Film Review: Everybody Knows

★★★☆☆

Three years on from The Salesman, Iranian director Asghar Farhadi returns with his mystery-thriller Everybody Knows, boasting an attractive trio of Latin performances from Javier Bardem, Ricardo Darín and Penélope Cruz in a compelling drama concerning lost loves and family ties.

The opening scene lingers in the dilapidated belfry of a provincial Spanish church where a creaking clock grinds through the minutes before sending pigeons into chaos as the hour strikes. As the pigeons settle back to their perches, the camera pans down over the graffiti of one-time lovers who have etched their initials into the wall amidst the crumbling stone work: ‘P’ and ‘L’.

We first meet Laura (Cruz) who, along with her two young children, has returned to her rural family home just outside Madrid for her sister’s wedding after leaving her husband Alejandro (Darin) back in Buenos Aires. The sun-drenched, sleepy town is sent into a throng of activity for the wedding. Here, Laura encounters her one-time lover Paco (Bardem), a warm, light-hearted winemaker, now married to Bea (Bárbara Lennie), a local teacher of disadvantaged teens.

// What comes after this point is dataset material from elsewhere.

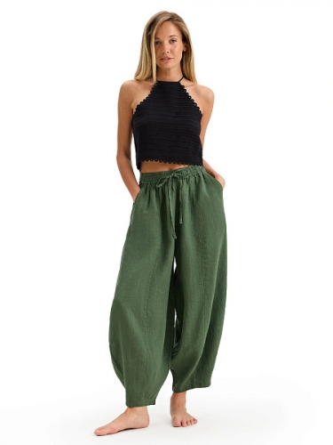 Женские однотонные льняные брюки серии LINEN – безупречное сочетание комфорта и стиля. Модель объемного, слегка мешковатого фасона с широкими, сужающимися книзу штанинами, на вшитом поясе-резинке со шнурком, с боковыми карманами, декорированными брендированной вышивкой, обеспечивает максимальную свободу движений. Легкие брюки держат форму при ходьбе, придавая силуэту женственность и грациозность. Хорошо садятся по фигуре вне зависимости от телосложения женщины – посадку можно регулировать по своему вкусу, носить на талии или чуть ниже. Естественная мятость подчеркивает аутентичность изделия и утонченный вкус. Эта модель станет незаменимой частью летнего гардероба, добавит шарма и элегантности повседневным образам, куда бы вы ни отправлялись: на работу в офис, на прогулку или городской шопинг, в путешествие или на пляж. Для создания стильного и функционального сета рекомендуем дополнить брюки рубашкой из этой же серии – получится универсальный костюм на все случаи жизни. Коллекция представлена 7 вариантами самых популярных расцветок.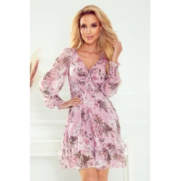 Šifónové šaty s elastickým pásom a rukávmi. Výstrih, ktorý sa dá ľubovoľne zaviazať, im dodáva šarm. Vzorované ružovými kvetmi na pastelovom pozadí. Vyrobené zo šifónu príjemného na dotyk s podšívkou (95 % polyester, 5 % elastan). Značka numoco. Vyrobené v Poľsku.

On the night of the wedding a thunderstorm seemingly causes a power cut, putting a pause to the raucous nuptials. Minutes later, Laura checks on her teenage daughter, Irene (Carla Campra), who she discovers has vanished. Where Laura’s daughter was once sleeping lays threatening newspaper clippings of a girl who was abducted several years earlier. Frantically searching the house, Laura hunts for her daughter in the attic by the glow of her mobile phone, which suddenly buzzes with a message demanding a ransom of €300,000 for her daughter’s return.

From here, Farhadi ratchets up the tension. Where once there was love and affection in Laura’s family there is now suspicion and guilt. Old wounds are torn open once and the bonds of family are tested to breaking point. We start to wonder: was this an inside job? Could it be one of the immigrant farm hands? Or could it be Paco who has kidnapped the daughter of the women that rejected him? And what was the real reason Laura’s husband didn’t attend the wedding?

The success of Farhadi’s film lays in his choice of casting. Scenes shared between Darín’s God-fearing Alejandro and Bardem’s pragmatic Paco are an absorbing exercise in craft. Yet, where Everybody Knows falls down, almost to the point of laughter, is in how it seems to toy with plotting devices you might find in a Spanish TV melodrama. Yet, the hook of the mystery keeps you watching, and in Farhadi’s hands even the far-fetched appears believable.

As time ticks along, Farhadi brings home his message with a bell-hammer, and it feels overly laboured to the detriment of the film. Arguably, this is the Iranian’s most mainstream film to date, and lacks the subtlety of his early work, yet he still shows he has the ability to deliver devastating blows that leave you stunned. While not on top form, Farhadi demonstrates he is still a master craftsman, albeit in a more conventional mould.